In the records below, find the line containing "Bali Silver Pendant,17x9mm" and the line containing "ボゴロツカヤに伝わる木彫りの". Give again exactly those lines and every line between them, omitting the pictures.

#### RECORDS PROVIDED

>>>

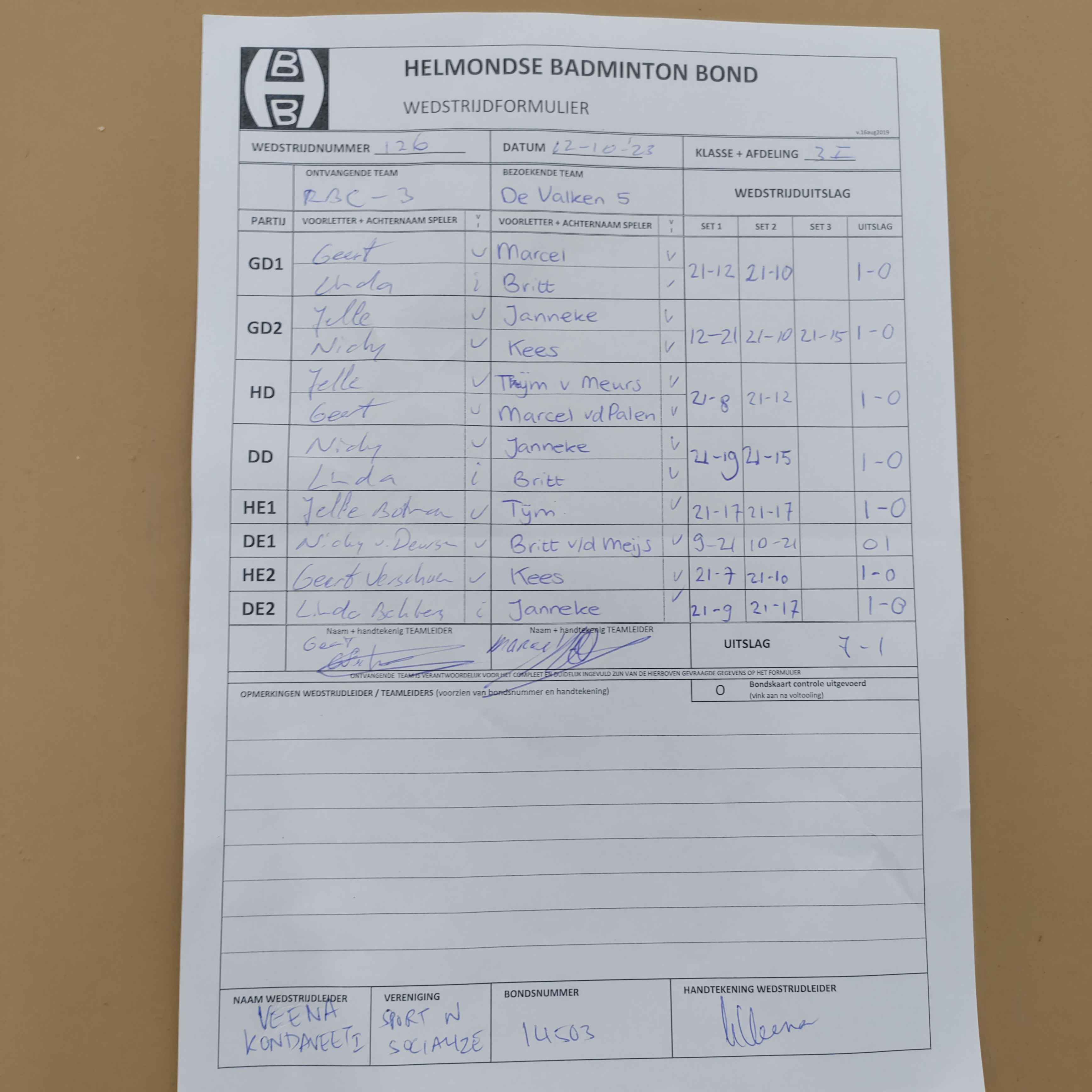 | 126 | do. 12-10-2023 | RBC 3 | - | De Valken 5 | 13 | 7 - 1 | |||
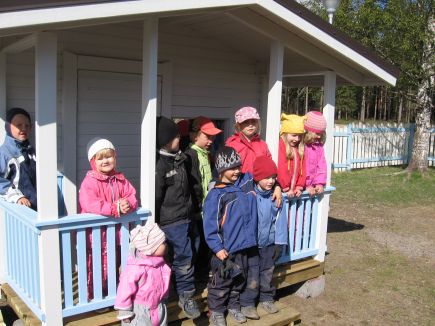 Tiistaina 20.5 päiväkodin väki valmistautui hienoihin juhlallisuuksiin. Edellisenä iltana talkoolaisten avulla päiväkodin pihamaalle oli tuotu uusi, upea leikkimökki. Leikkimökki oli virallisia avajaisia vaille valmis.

<<<
>>>

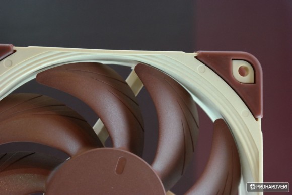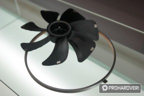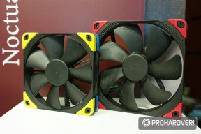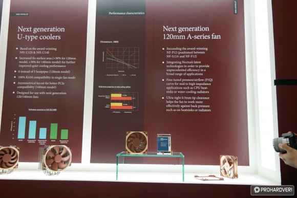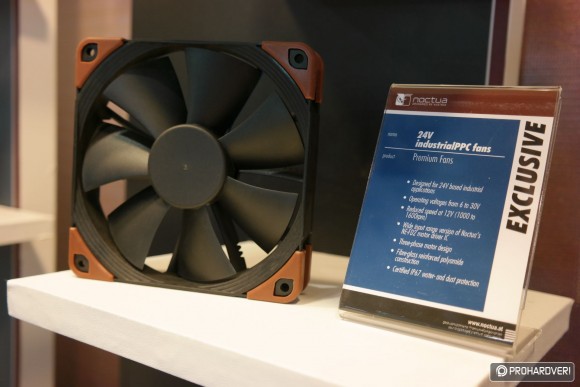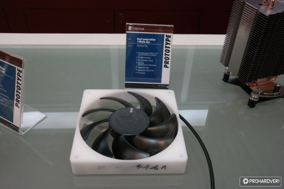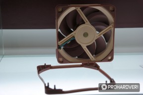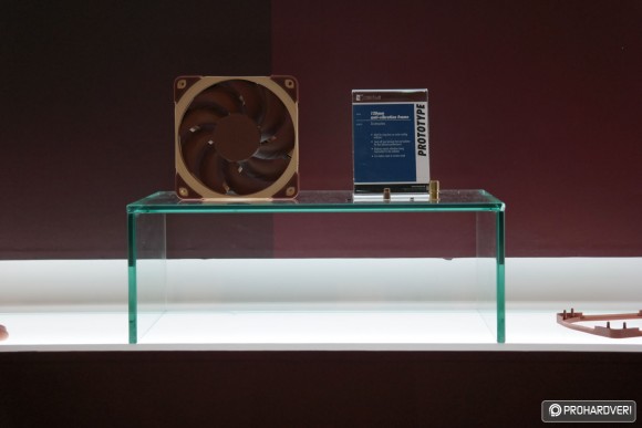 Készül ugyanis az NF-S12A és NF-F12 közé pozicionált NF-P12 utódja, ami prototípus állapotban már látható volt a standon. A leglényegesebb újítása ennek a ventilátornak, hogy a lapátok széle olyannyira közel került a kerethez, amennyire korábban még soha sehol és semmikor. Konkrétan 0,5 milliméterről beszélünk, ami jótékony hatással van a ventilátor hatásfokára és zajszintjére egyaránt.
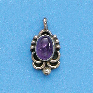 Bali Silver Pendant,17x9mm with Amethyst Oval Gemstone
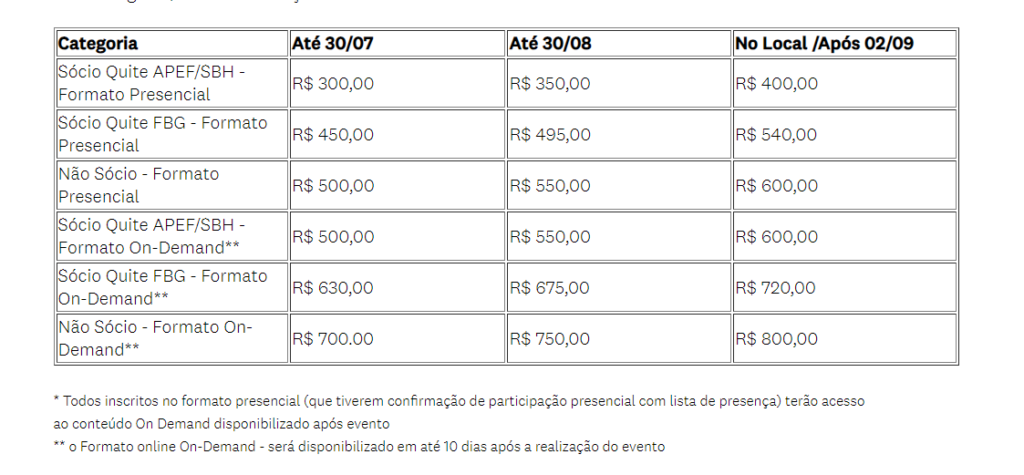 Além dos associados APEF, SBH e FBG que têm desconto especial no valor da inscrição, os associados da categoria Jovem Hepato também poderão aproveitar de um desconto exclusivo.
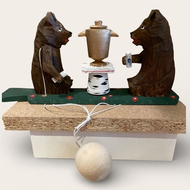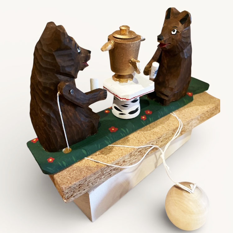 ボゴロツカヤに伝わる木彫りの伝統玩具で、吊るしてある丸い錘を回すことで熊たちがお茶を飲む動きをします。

<<<

#### EXERCISE ANSWER
 Bali Silver Pendant,17x9mm with Amethyst Oval Gemstone
 Além dos associados APEF, SBH e FBG que têm desconto especial no valor da inscrição, os associados da categoria Jovem Hepato também poderão aproveitar de um desconto exclusivo.
 ボゴロツカヤに伝わる木彫りの伝統玩具で、吊るしてある丸い錘を回すことで熊たちがお茶を飲む動きをします。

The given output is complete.